J@ArangoDB

{ "subject" : "ArangoDB", "tags": [ "multi-model", "nosql", "database" ] }

Subquery Optimizations

This is another post demonstrating some of the AQL query performance improvements that can be expected in ArangoDB 2.6. Specifically, this post is about an optimization for subqueries. AQL queries with multiple subqueries will likely benefit from it.

The following example queries use the same users collection with 100,000 documents that was used in the previous post about return value optimizations. Again, the source data for the collection can be found here.

We’ll start with a query that uses a single subquery extracting all users from the collection into a flat result array:

example query with single subquery
1
2
3
RETURN [ 
  (FOR u IN users RETURN u) 
]

This query is equally fast with ArangoDB 2.5 and 2.6, no changes here.

Let’s ramp it up to using two subqueries, one for users with a gender attribute value of male, and one for users with gender attribute value female. No indexes were used for the extraction in 2.5 nor 2.6:

example query with two subqueries
1
2
3
4
RETURN [ 
  (FOR u IN users FILTER u.gender == 'male' RETURN u), 
  (FOR u IN users FILTER u.gender == 'female' RETURN u) 
]

The query takes 16.6 seconds to execute in 2.5, but only 2.95 seconds with ArangoDB 2.6. This 80 % reduction in execution time is due to ArangoDB 2.6 being a bit smarter about subqueries than 2.5 is.

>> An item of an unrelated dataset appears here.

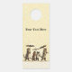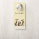 Deze papieren deurhanger is geel met een groep bruine en witte gestreepte katten en kittens die paraplu's vasthouden die in de sneeuw lopen. Pas jouw tekst op de voor- en achterkant aan met de sjabloon.

In the above query, the two subqueries are independent, so not only can they be executed in any order, but they also do not rely on each other’s results. ArangoDB 2.6 will detect that and avoid copying variables and intermediate results into subqueries if they are actually not needed there. 2.5 copied all variables into subqueries unconditionally, even if variables were not needed there.

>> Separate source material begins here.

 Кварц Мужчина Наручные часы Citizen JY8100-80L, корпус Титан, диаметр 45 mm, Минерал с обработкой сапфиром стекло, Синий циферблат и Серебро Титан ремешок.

In 2.6, any AQL query with multiple subqueries will benefit from this optimization. The performance improvements will be greater if subqueries late in the execution pipeline have a lot of intermediate results created in front of them, but do not rely on these intermediate results.

Another nice example for a 2.6 speedup is extracting a single attribute per subquery, as is done for the name attribute in the following query:

extracting a single attribute in two subqueries
1
2
3
4
RETURN [ 
  (FOR u IN users FILTER u.gender == 'male' RETURN u.name), 
  (FOR u IN users FILTER u.gender == 'female' RETURN u.name) 
]

This takes 42 seconds to execute in 2.5, and only 0.86 seconds in 2.6. This is a more than 95 % reduction in execution time. It is caused by a mix of factors, one of them again being the subquery optimization that avoids copying unneeded intermediate results.

Enjoy!